Pick every line out of the entries below that has the string "pass", and copy it.

Data shown:
★ ★ ★ ★
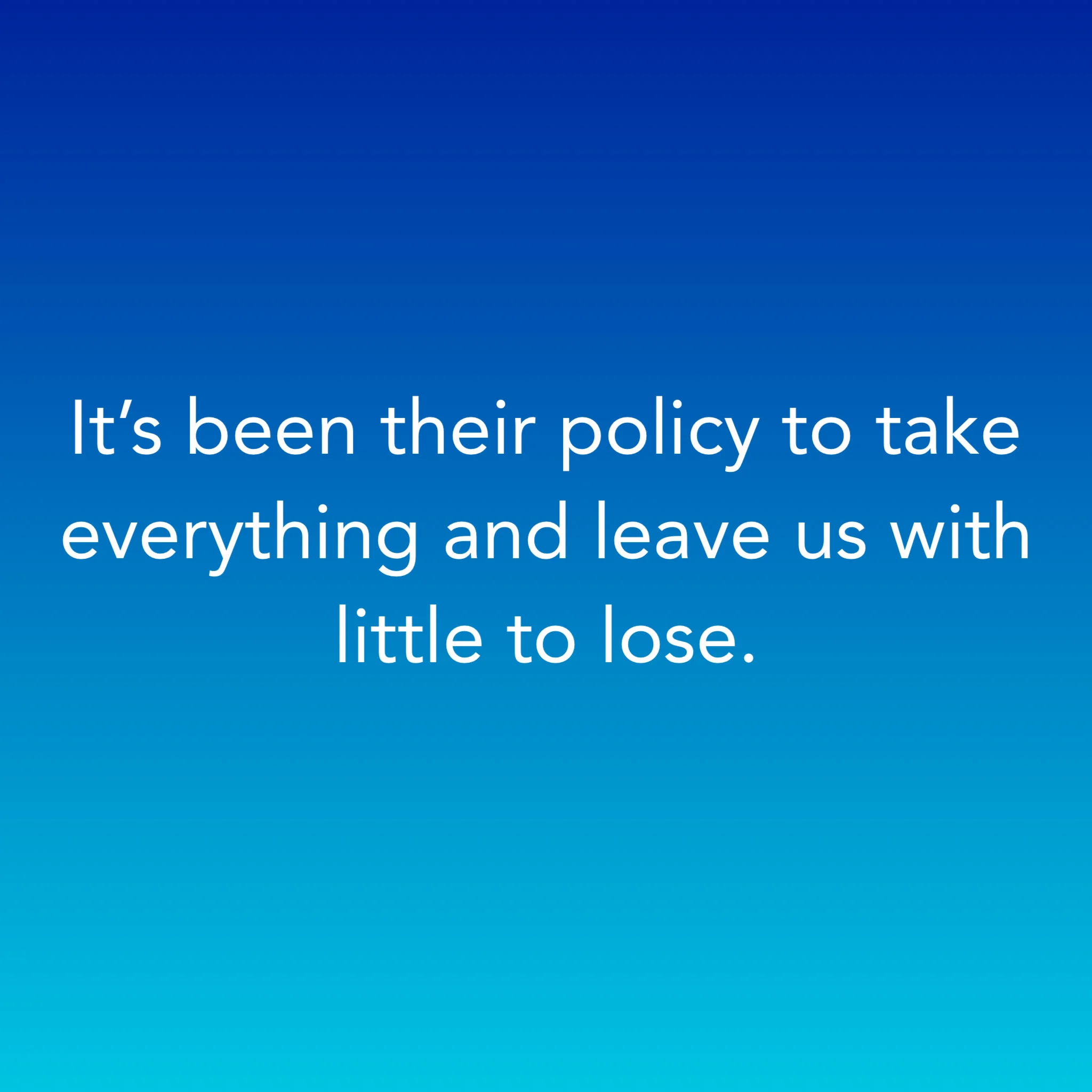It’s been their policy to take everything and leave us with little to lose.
★ ★ ★ ★
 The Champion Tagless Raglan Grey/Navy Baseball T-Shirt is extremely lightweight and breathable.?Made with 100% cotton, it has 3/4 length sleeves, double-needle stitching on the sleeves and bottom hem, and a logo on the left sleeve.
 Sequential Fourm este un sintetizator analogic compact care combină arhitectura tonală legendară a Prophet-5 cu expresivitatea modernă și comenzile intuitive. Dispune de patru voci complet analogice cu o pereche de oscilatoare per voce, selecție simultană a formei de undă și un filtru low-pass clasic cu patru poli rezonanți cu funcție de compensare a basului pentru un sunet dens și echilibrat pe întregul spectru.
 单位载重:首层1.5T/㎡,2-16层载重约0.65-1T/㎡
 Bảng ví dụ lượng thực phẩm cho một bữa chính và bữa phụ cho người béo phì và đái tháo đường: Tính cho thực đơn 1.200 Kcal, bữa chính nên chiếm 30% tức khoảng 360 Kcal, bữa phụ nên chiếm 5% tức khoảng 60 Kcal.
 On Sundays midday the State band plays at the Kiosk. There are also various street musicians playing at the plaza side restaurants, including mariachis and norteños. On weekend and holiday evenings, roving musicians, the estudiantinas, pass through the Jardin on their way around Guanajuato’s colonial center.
★ ★ ★ ★
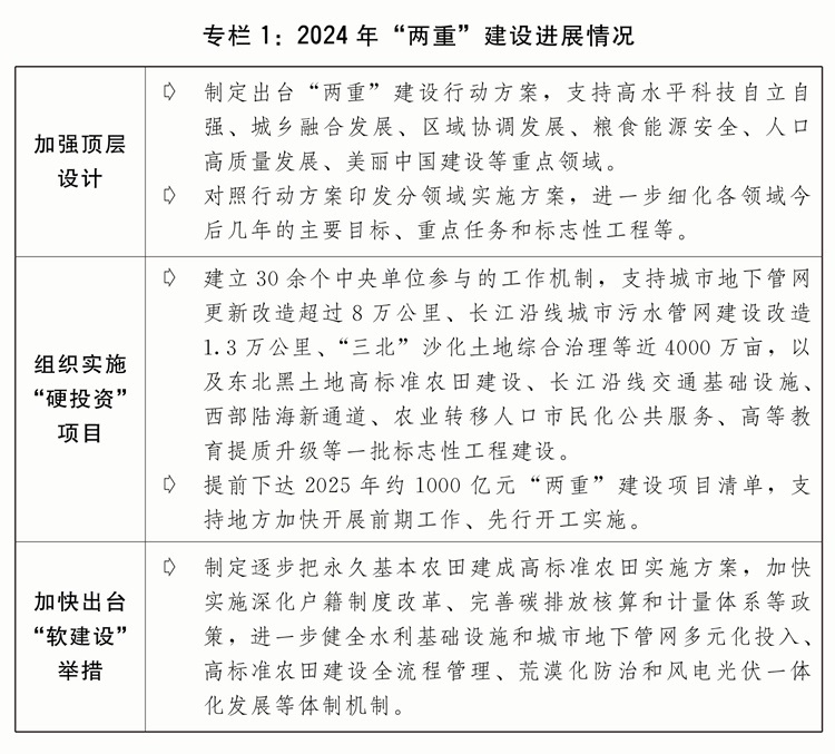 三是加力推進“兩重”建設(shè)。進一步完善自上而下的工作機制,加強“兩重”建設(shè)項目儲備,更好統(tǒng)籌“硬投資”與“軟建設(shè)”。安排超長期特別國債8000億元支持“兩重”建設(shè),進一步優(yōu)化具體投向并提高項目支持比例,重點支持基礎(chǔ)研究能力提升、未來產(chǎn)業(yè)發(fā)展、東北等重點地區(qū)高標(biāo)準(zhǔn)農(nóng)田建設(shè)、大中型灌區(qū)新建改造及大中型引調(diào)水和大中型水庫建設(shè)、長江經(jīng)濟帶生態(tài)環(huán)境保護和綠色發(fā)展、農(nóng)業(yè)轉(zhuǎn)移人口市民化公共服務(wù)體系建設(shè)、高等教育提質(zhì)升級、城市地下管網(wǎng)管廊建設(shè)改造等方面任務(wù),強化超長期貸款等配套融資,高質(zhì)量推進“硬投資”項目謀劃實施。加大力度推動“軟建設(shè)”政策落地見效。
★ ★ ★ ★
Your solution:
 Sequential Fourm este un sintetizator analogic compact care combină arhitectura tonală legendară a Prophet-5 cu expresivitatea modernă și comenzile intuitive. Dispune de patru voci complet analogice cu o pereche de oscilatoare per voce, selecție simultană a formei de undă și un filtru low-pass clasic cu patru poli rezonanți cu funcție de compensare a basului pentru un sunet dens și echilibrat pe întregul spectru.
 On Sundays midday the State band plays at the Kiosk. There are also various street musicians playing at the plaza side restaurants, including mariachis and norteños. On weekend and holiday evenings, roving musicians, the estudiantinas, pass through the Jardin on their way around Guanajuato’s colonial center.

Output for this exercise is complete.